= MeCard (QR code) =

QR code format

MeCard is a data file similar to vCard but used by NTT DoCoMo in Japan in QR code format for use with Cellular Phones.

It is largely compatible with most QR-readers for smartphones. It is an easy way to share a contact with the most used fields. Usually, devices can recognize it and treat it like a contact ready to import.

MeCard is based in UTF-8 (which is ASCII compatible); the fields are separated with one semicolon (;), and the tags are separated with a colon (:). Compared to vCard, it needs very few chars due to the size limitation of QR Codes.

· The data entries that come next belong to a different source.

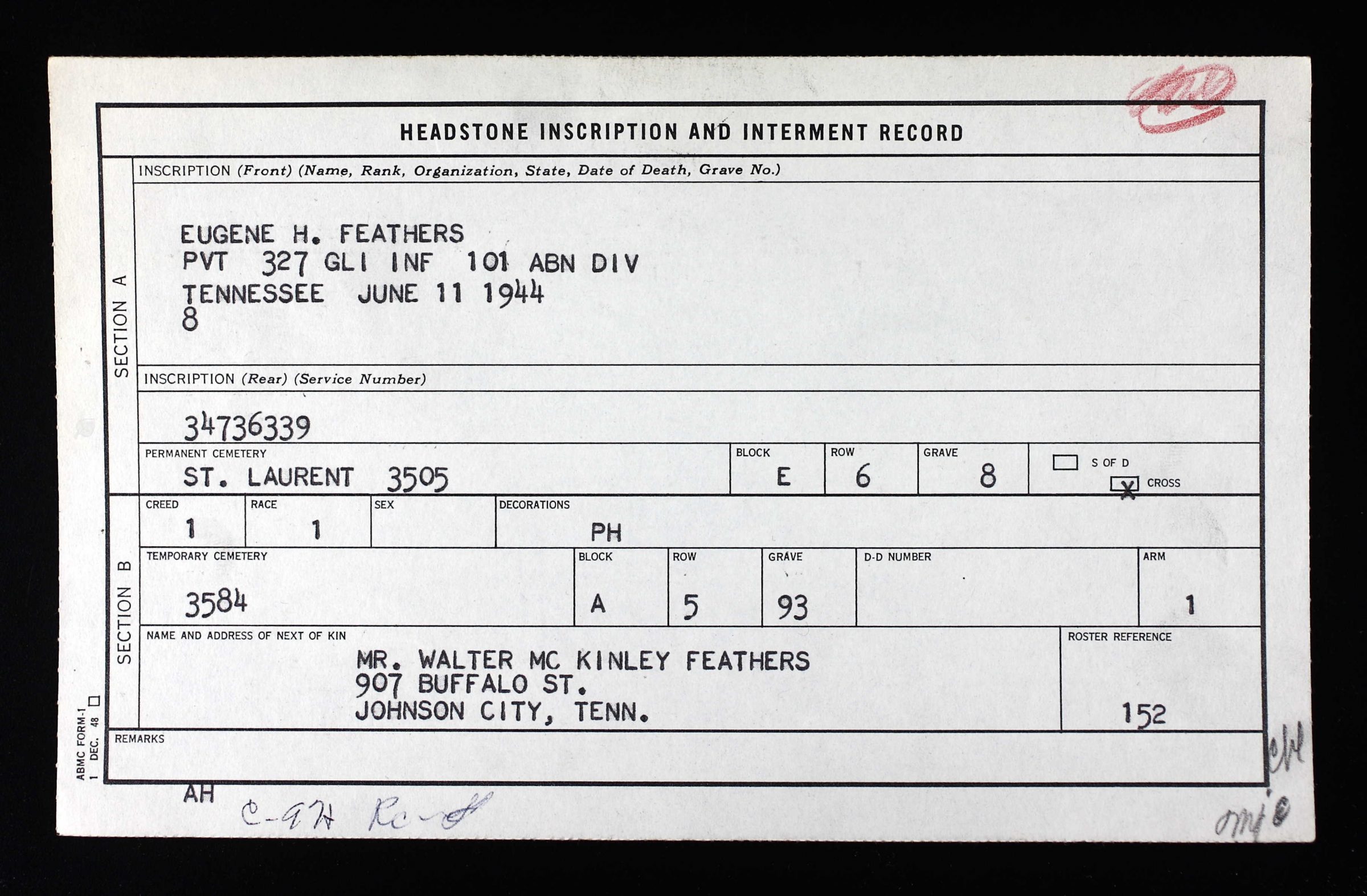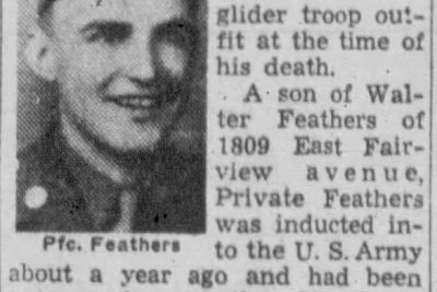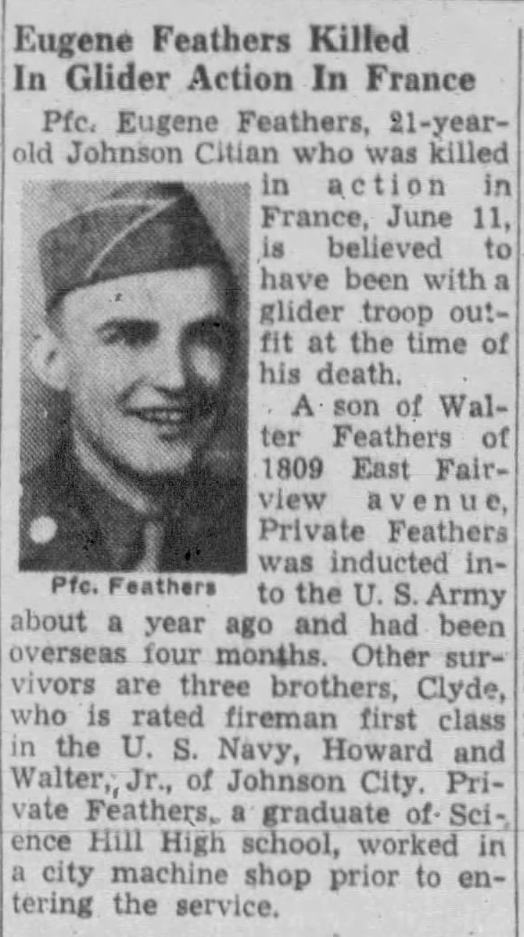 Pfc. Eugene Feathers, 21-year-old Johnson Citian who was killed in action in France June 11, is believed to have been with a glider troop outfit at the time of his death. A son of Walter Feathers of 1809 East Fairview avenue, Private Feathers was inducted into the U.S. Army about a year ago and had been overseas four months. Other survivors are three brothers, Clyde, who is rated fireman first class in the U.S. Navy, Howard and Walter Jr. of Johnson City. Private Feathers, a graduate of Science Hill High School, worked in a city machine shop prior to entering the service.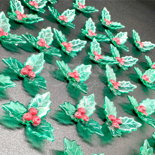 Christmas Holly Cabochons (Pack of 10)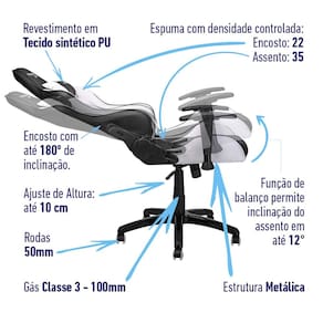 Informações Adicionais A nova linha de Cadeira Gamer Mymax, são as mais iradas do mercado, a MX5 possui design ergonômico e revestimento em tecido sintético. Projetada para proporcionar conforto mesmo após horas jogando. Esse conforto foi obtido através do uso de espuma injetada de alta densidade no encosto e assento, aliado a possibilidade de inclinar o encosto em até 180° e da função balanço.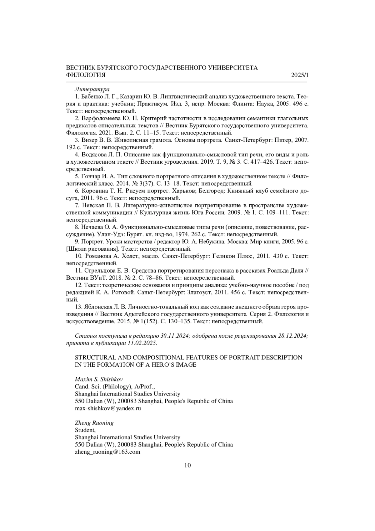 5. Гончар И. А. Тип сложного портретного описания в художественном тексте // Филологический класс. 2014. № 3(37). С. 13-18. Текст: непосредственный. EDN: SYUCSR
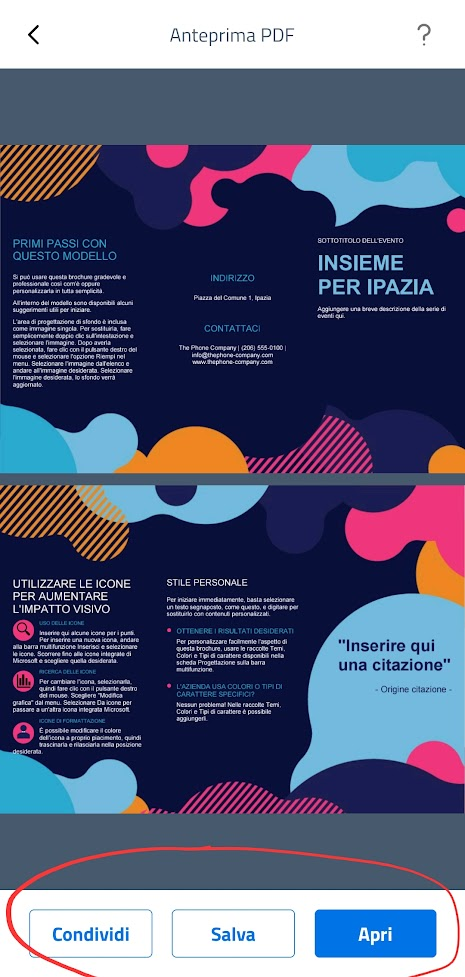 - condividere l'allegato utilizzando una delle app installate sul suo dispositivo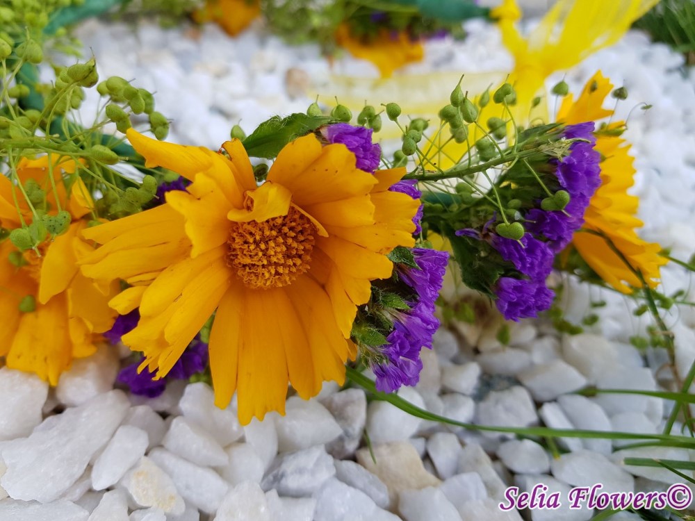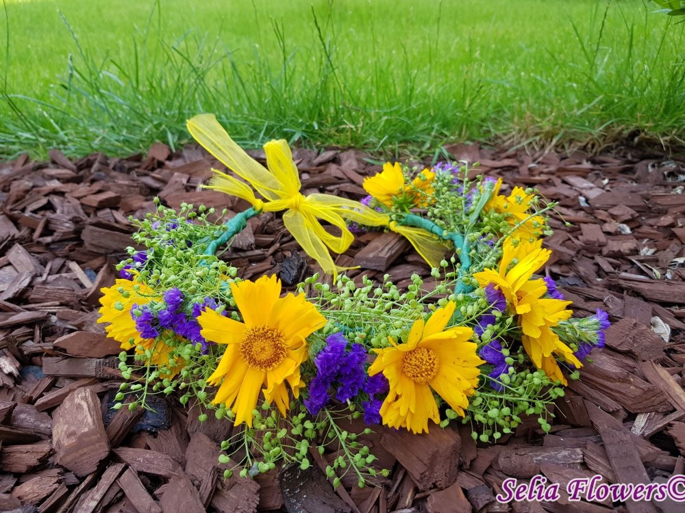 Coronita cu flori de galbenele si limonium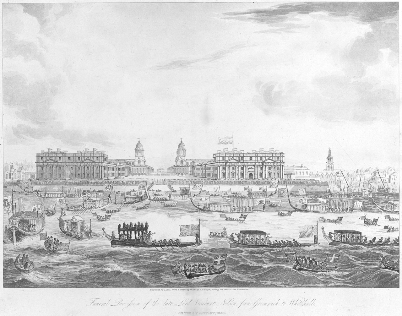 Funeral Procession of the late Lord Viscount Nelson, from Greenwich to Whitehall on the 8th January, 1806. Print. Funeral procession of Nelson from Greenwich to Whitehall, 8 January 1806. Many boats on the river and crowds on the bank as the procession l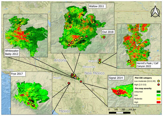 Map of fire locations, names, and year of burn showing perimeters and soil burn severity, overlaid with burned plot locations and composite burn index (CBI), which is an in situ index of burn severity category [54]. Geodata from Rapid Assessment of Vegetation Condition after Wildfire and Monitoring Trends in Burn Severity [56,57].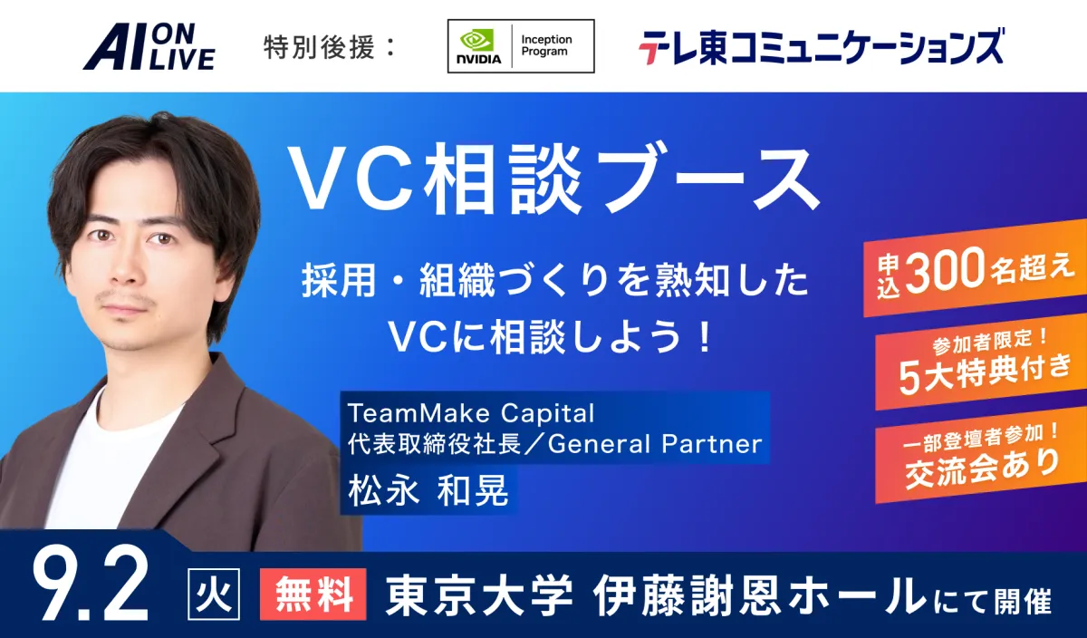 このイベントの目玉は、ベンチャーキャピタル「TeamMake Capital」の創業者、松永和晃氏による「VC相談ブース」の設置です。ここでは、事業構想や組織戦略に関する個別相談を行い、参加者にとって大変有意義な時間となる予定です。チャレンジを続ける経営者や新規事業の立ち上げを考えている方々にとってためになるアドバイスが得られることでしょう。

QR Code MeCard example using most of the format's fields

QR Code MeCard example containing the text MECARD:N:Doe,John;TEL:13035551212;EMAIL:john.doe@example.com;;

== Limitations ==
Compared to vCard, MeCard format only stores one single contact, a few labels, and a few data pieces to be set in a typical phonebook.

There is no place on the web that defines a standard for MeCard. It is not described by the ISO, nor is there an RFC for it. As of 2016, the page at NTT DoCoMo that originally defined the layout returns 404, and searching their web site for "MeCard" turns up only a few unrelated references.

== Structure ==
MeCard format starts with the tag MECARD and it finishes with two semicolons (;;)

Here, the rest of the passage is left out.